Beginning with the first line, retype exactly the records below up to and including the line with "Станрос по адресу"; pictures do not belong in the copy.

[Records from a data source]
******

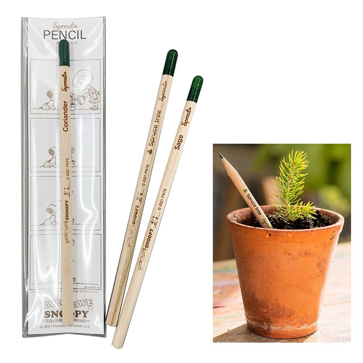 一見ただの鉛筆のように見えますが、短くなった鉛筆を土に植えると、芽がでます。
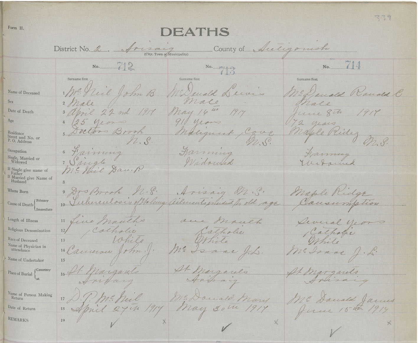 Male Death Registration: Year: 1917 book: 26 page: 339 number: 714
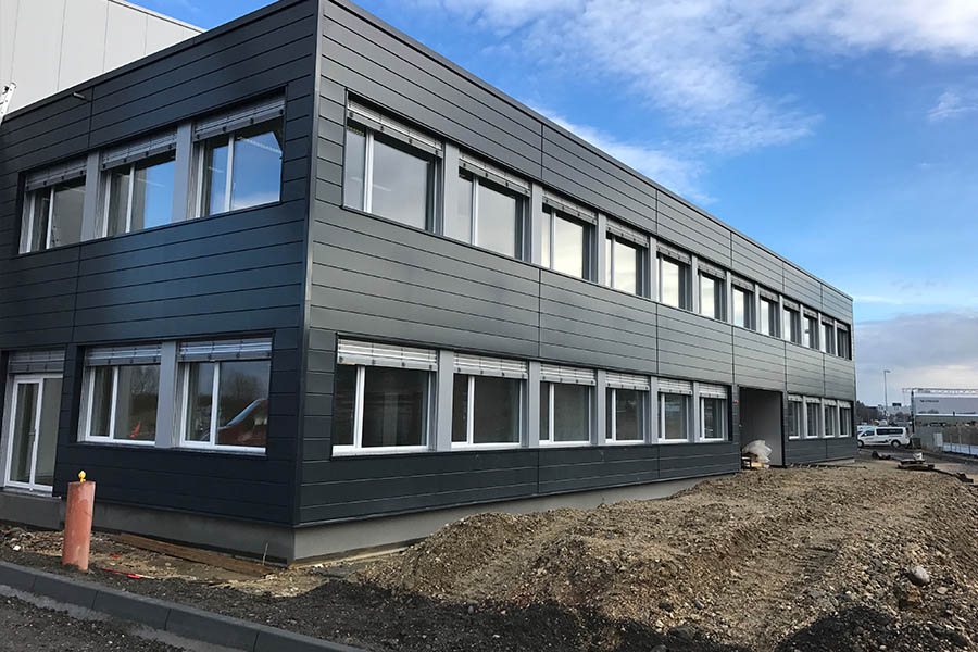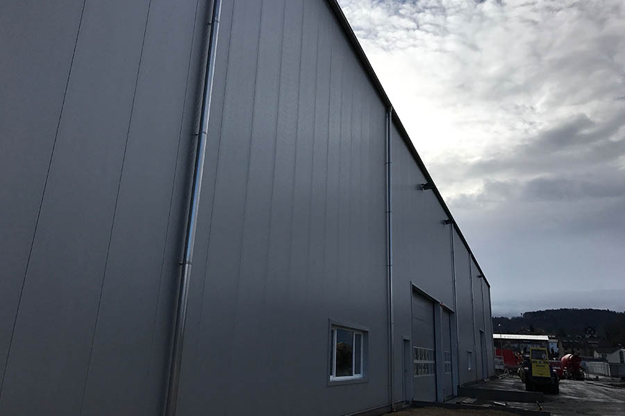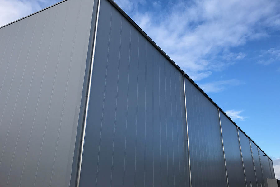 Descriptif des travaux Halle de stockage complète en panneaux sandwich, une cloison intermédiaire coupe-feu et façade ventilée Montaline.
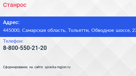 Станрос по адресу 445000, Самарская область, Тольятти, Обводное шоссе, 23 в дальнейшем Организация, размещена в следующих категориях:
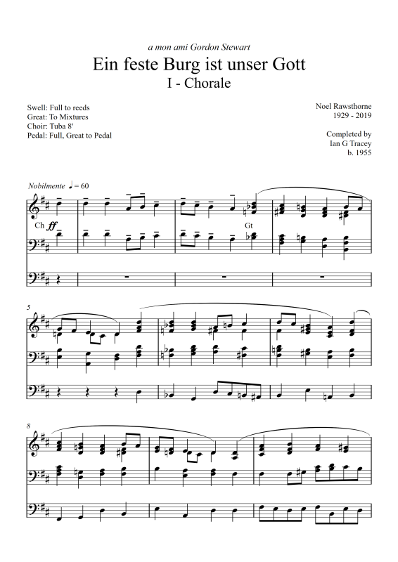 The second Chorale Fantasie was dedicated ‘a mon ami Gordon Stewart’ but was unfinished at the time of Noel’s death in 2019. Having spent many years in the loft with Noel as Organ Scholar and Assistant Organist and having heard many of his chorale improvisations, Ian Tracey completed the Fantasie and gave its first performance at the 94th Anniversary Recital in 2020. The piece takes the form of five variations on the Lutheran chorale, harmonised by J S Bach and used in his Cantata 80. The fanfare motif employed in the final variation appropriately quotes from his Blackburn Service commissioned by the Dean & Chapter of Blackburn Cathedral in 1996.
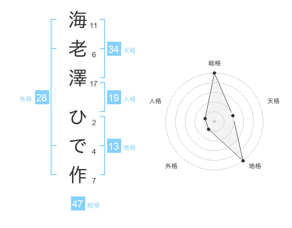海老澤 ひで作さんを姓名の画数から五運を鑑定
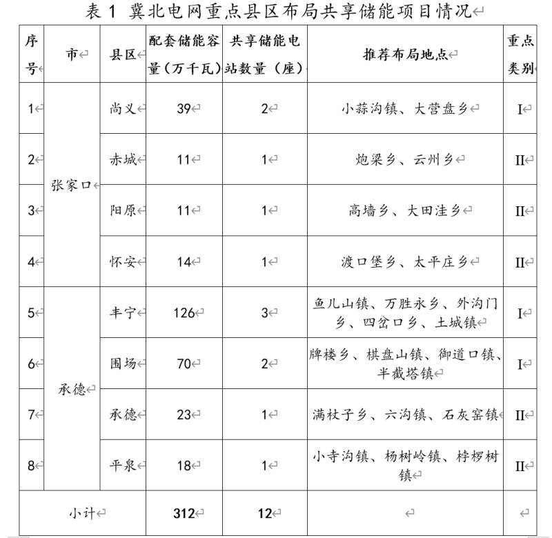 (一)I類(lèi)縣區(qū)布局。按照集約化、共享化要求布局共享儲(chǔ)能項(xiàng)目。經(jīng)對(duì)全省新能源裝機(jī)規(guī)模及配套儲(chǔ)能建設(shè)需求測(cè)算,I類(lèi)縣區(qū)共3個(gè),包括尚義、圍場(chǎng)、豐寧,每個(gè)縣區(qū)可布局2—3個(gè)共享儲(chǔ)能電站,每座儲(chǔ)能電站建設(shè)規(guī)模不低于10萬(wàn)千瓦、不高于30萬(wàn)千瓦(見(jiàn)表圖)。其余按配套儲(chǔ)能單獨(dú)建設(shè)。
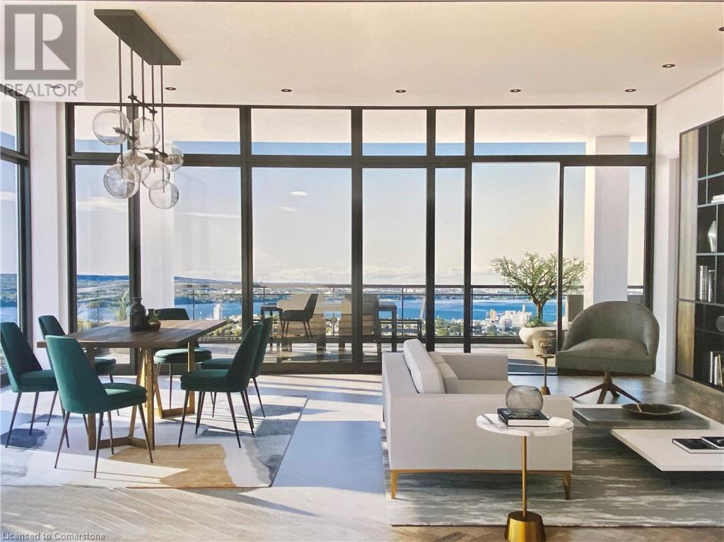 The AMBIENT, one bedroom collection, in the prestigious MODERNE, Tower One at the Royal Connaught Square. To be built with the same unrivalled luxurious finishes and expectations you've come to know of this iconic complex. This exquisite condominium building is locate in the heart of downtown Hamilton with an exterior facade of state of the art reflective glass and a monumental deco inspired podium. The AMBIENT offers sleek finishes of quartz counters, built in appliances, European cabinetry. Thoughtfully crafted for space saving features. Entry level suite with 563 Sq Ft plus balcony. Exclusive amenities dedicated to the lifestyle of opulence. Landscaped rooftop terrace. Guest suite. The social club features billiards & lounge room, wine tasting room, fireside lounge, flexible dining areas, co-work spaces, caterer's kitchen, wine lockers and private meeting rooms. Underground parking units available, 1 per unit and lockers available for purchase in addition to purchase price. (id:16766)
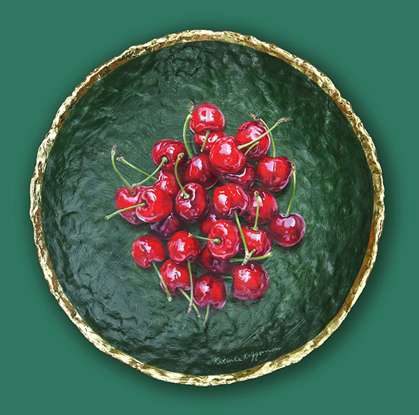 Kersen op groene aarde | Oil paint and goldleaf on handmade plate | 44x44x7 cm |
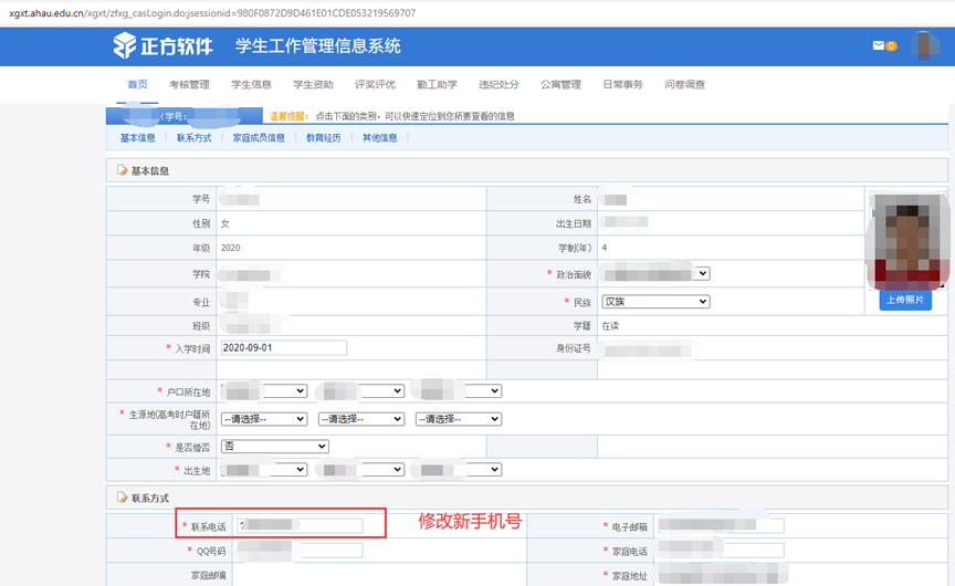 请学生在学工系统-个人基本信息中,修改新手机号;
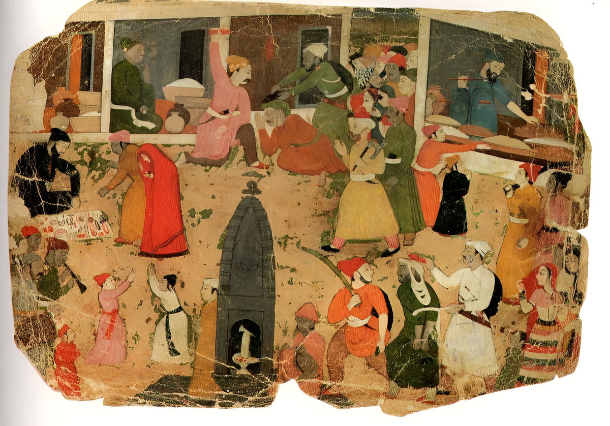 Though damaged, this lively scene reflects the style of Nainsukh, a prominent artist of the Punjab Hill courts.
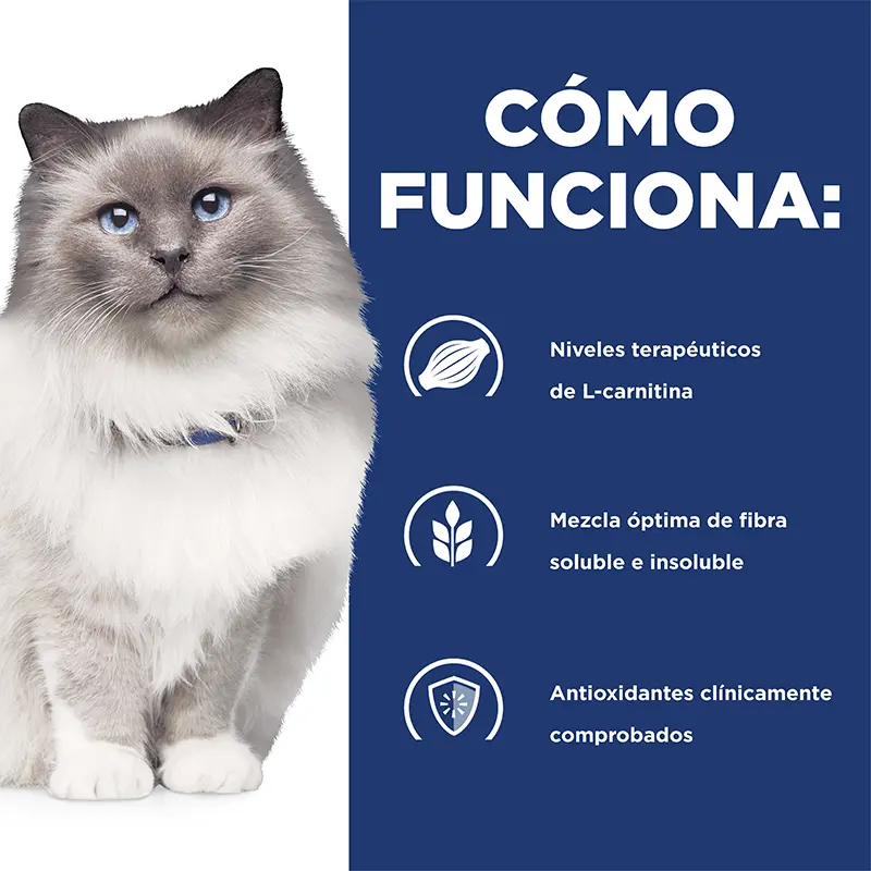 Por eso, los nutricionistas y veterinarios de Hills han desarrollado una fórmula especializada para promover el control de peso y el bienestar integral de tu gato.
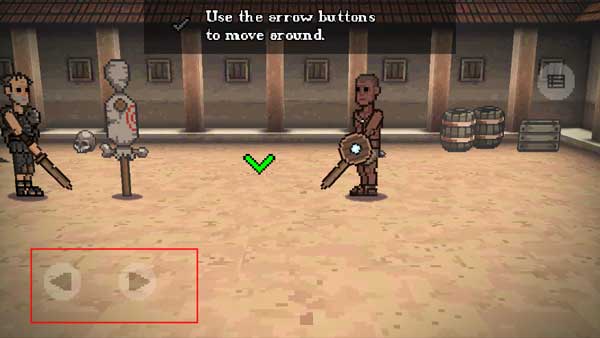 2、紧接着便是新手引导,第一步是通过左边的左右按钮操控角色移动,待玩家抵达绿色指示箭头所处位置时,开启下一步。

******

REPLY -
 一見ただの鉛筆のように見えますが、短くなった鉛筆を土に植えると、芽がでます。
 Male Death Registration: Year: 1917 book: 26 page: 339 number: 714
 Descriptif des travaux Halle de stockage complète en panneaux sandwich, une cloison intermédiaire coupe-feu et façade ventilée Montaline.
 Станрос по адресу 445000, Самарская область, Тольятти, Обводное шоссе, 23 в дальнейшем Организация, размещена в следующих категориях:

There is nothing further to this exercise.